── Data listing

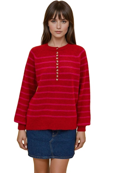 Pulover dama cu guler cu nasturi, model cu dungi, tricot, rosu,
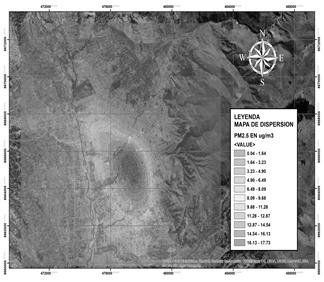 La dispersión de PM10 realizado para zonas topográficas simples y complejas, dieron como resultado que la dirección y la velocidad del viento esta condicionadas por las mismas, permitiendo esta un flujo libre en la dirección predominante en la rosa de vientos para la zona de topografía simple y un flujo turbulento en la zona compleja, también observaron que lo modelado y lo observado tiene concordancia para periodos de 24 horas [19]. La dispersión de concentraciones de PM10 presenta un decaimiento exponencial, demostrando que aproximadamente el 50% de los contaminantes de aire se deteriora en las distancias entre los 800 a 1000 m de la fuente, observando que se tiene una relación entre concentraciones y distancias [20].
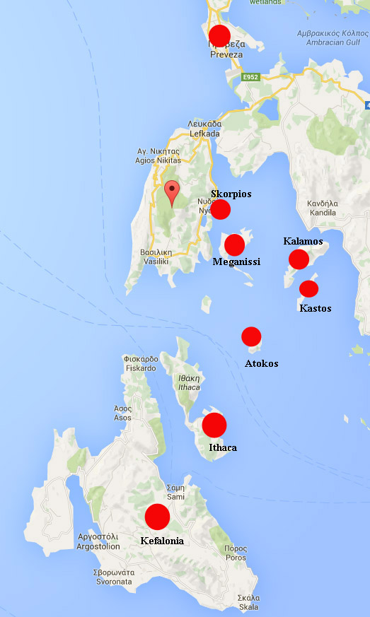 Wim's Place: Een aanklikbare kaart van eilanden rondom Lefkas
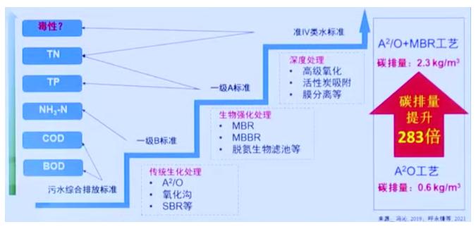 我國污水處理出水水質標準不斷提高,傳統工藝在實現達標排放的同時,往往帶來了更高的碳排放量,所以要實現低碳、零碳甚至負碳處理,需要對處理工藝進行重新梳理、評估和變革。
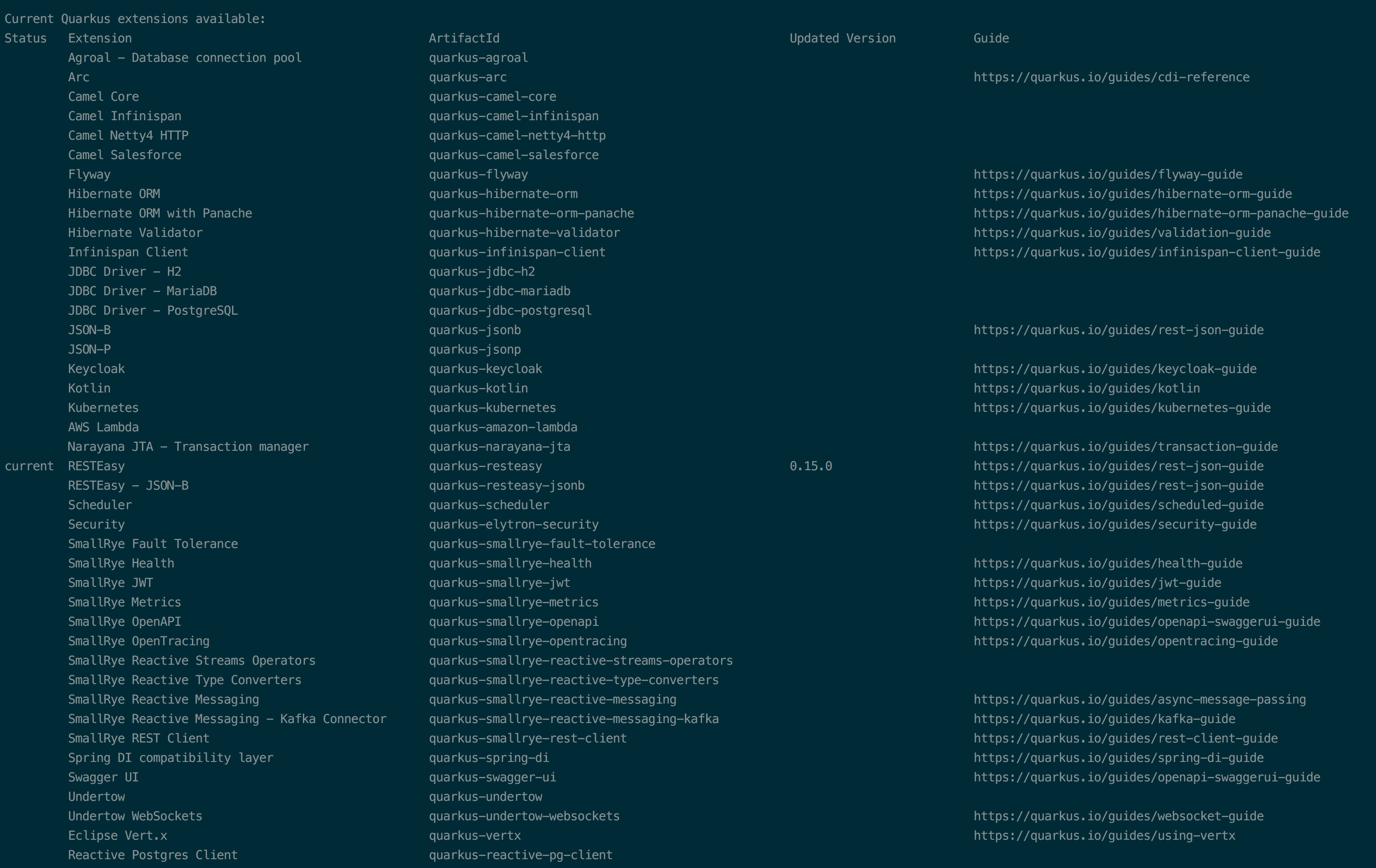 Als nächstes werden die für die Anwendung benötigten Dependencys hinzugefügt. Dies kann auch über das Maven-Plug-in gemacht werden. Mithilfe des Befehls ./mvnw quarkus:list-extensions kann eine Liste der verfügbaren Extensions ausgegeben werden.
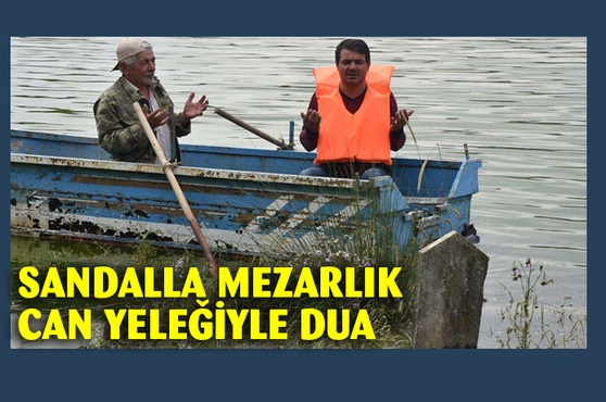 Bursa'nın İnegöl ilçesinde, 10 yıl önce yapılan baraj dolayısıyla sular altında kalan mezarlıkta yakınları bulunanlar, can yeleklerini giyip, sandalla açılarak, dua ediyor.
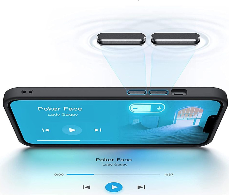 Mírně zvýšená forma pouzdra kolem fotoaparátu a obrazovky chrání před poškozením, drží telefon těsně nad rovným povrchem.
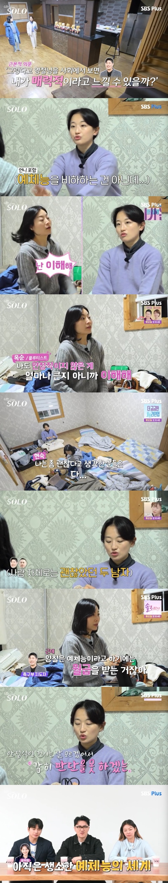 그러자 옥순은 "영철은 예체능이라고 하기에는 월급을 받지 않냐"라고 이야기했다.
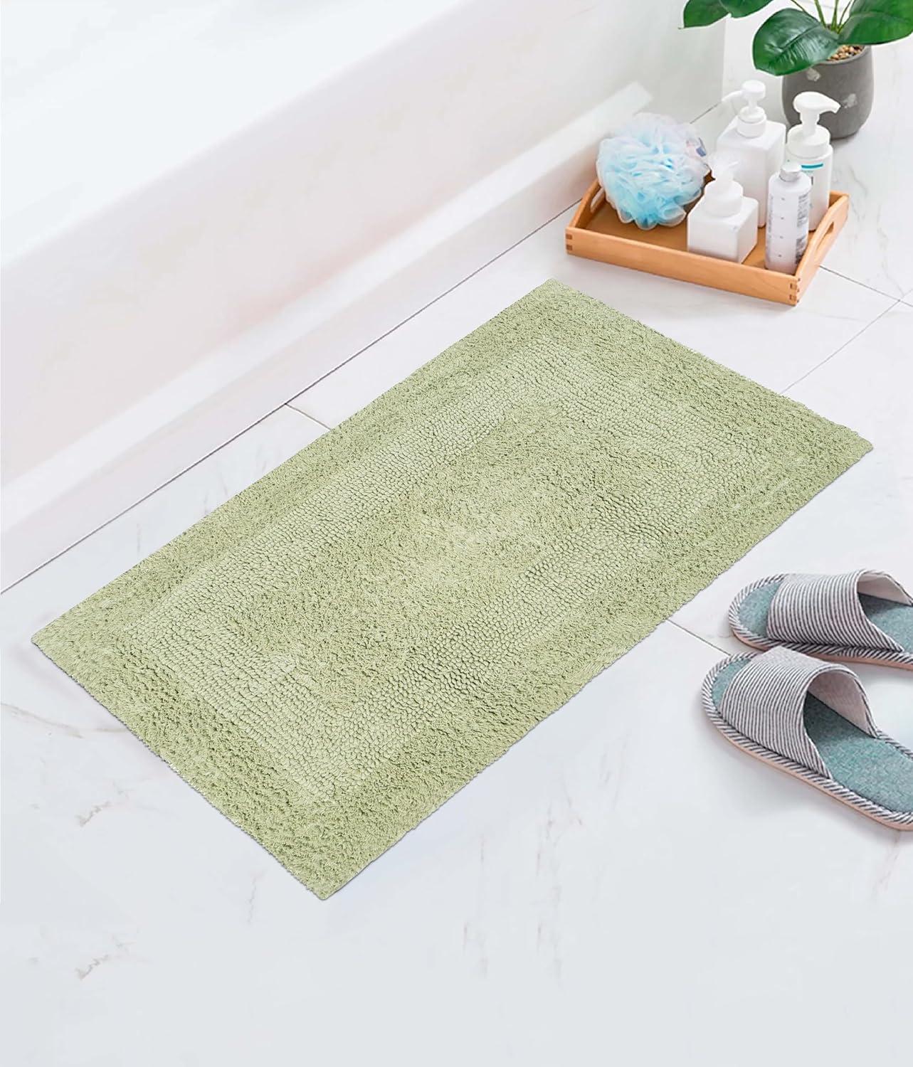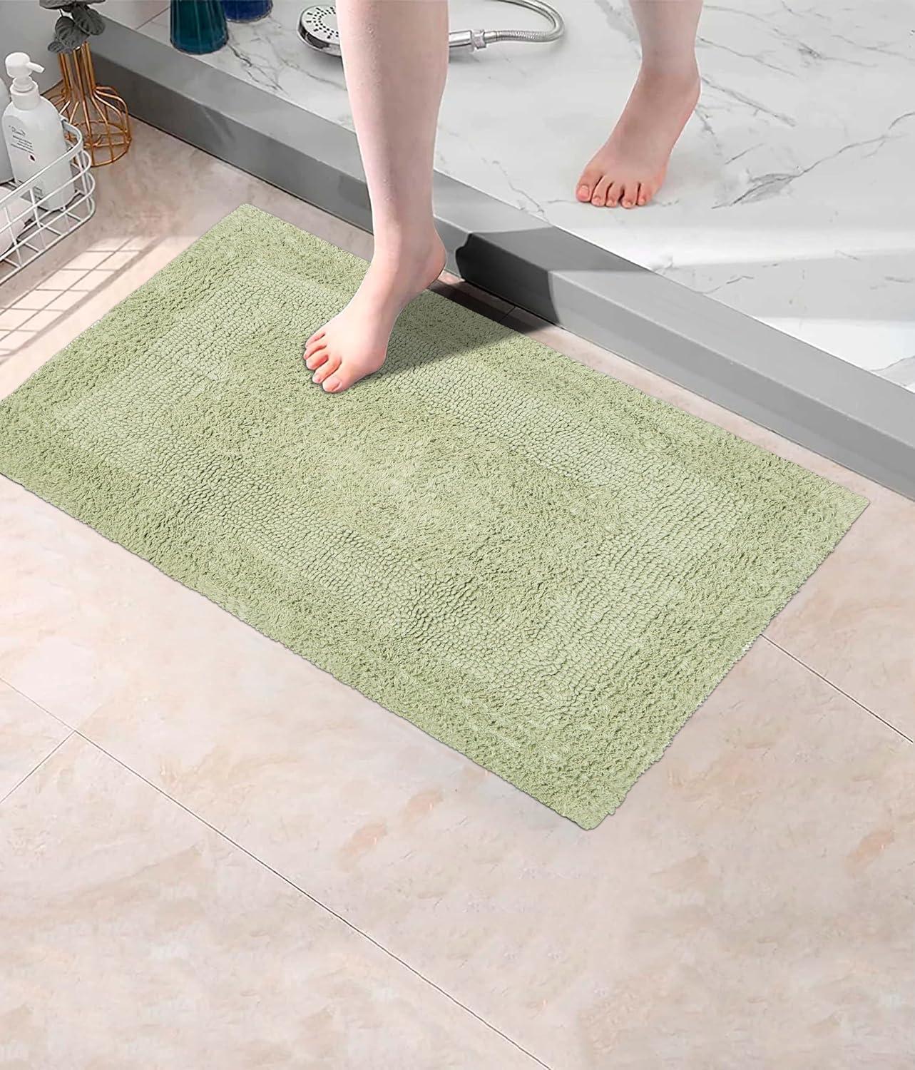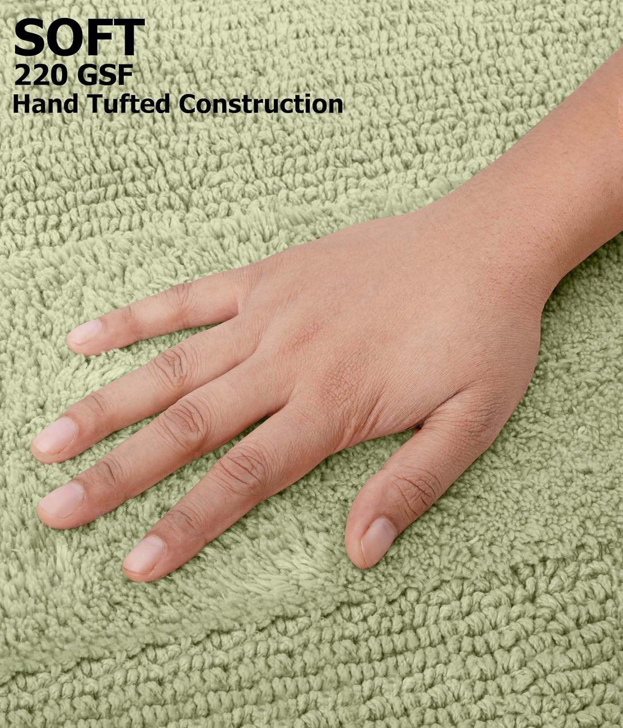 COTTON CRAFT Luxurious Bath Mat Rug – Set of 2 Reversible Heavyweight Step Out Bath Mats for Bathroom Floor, Tub and Shower – Pure Cotton Soft Plush Absorbent Hand Tufted Mat – 17 x 24 – Charcoal Grey(Sage)
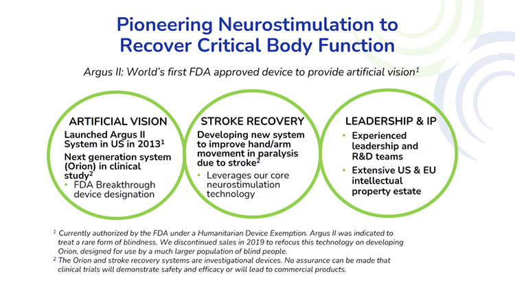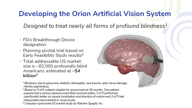 开发Orion人工视觉系统旨在治疗几乎所有形式的严重失明1 • FDA突破性设备认定•根据早期可行性研究结果规划关键试验2 •美国潜在市场总规模约为8.2万名严重失明的美国人,估计约为40亿美元31因青光眼、糖尿病视网膜病变、眼外伤、视神经损伤、视网膜色素变性导致的失明。2根据36个月时有资格接受评估的6个科目中的5个。1名患者经历了安全解决的严重不良事件;5名患者中有5名在正方形定位和运动方向方面表现明显更好,5名患者中有2名的视力有明显改善。3 Fletcher Spaght,Inc.公司赞助的美国市场研究。
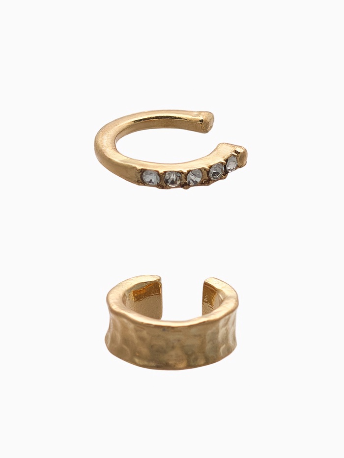 Серьги «Каффы» набор 2 шт., мятый со стразами, белые в золоте — Характеристики

────

Your goal:
Would you output only the span of the records above that opens with the line containing "Wim's Place: Een" and closes with the line containing "Als nächstes werden", ends included and pictures dropped?

Completed exercise:
 Wim's Place: Een aanklikbare kaart van eilanden rondom Lefkas
 我國污水處理出水水質標準不斷提高,傳統工藝在實現達標排放的同時,往往帶來了更高的碳排放量,所以要實現低碳、零碳甚至負碳處理,需要對處理工藝進行重新梳理、評估和變革。
 Als nächstes werden die für die Anwendung benötigten Dependencys hinzugefügt. Dies kann auch über das Maven-Plug-in gemacht werden. Mithilfe des Befehls ./mvnw quarkus:list-extensions kann eine Liste der verfügbaren Extensions ausgegeben werden.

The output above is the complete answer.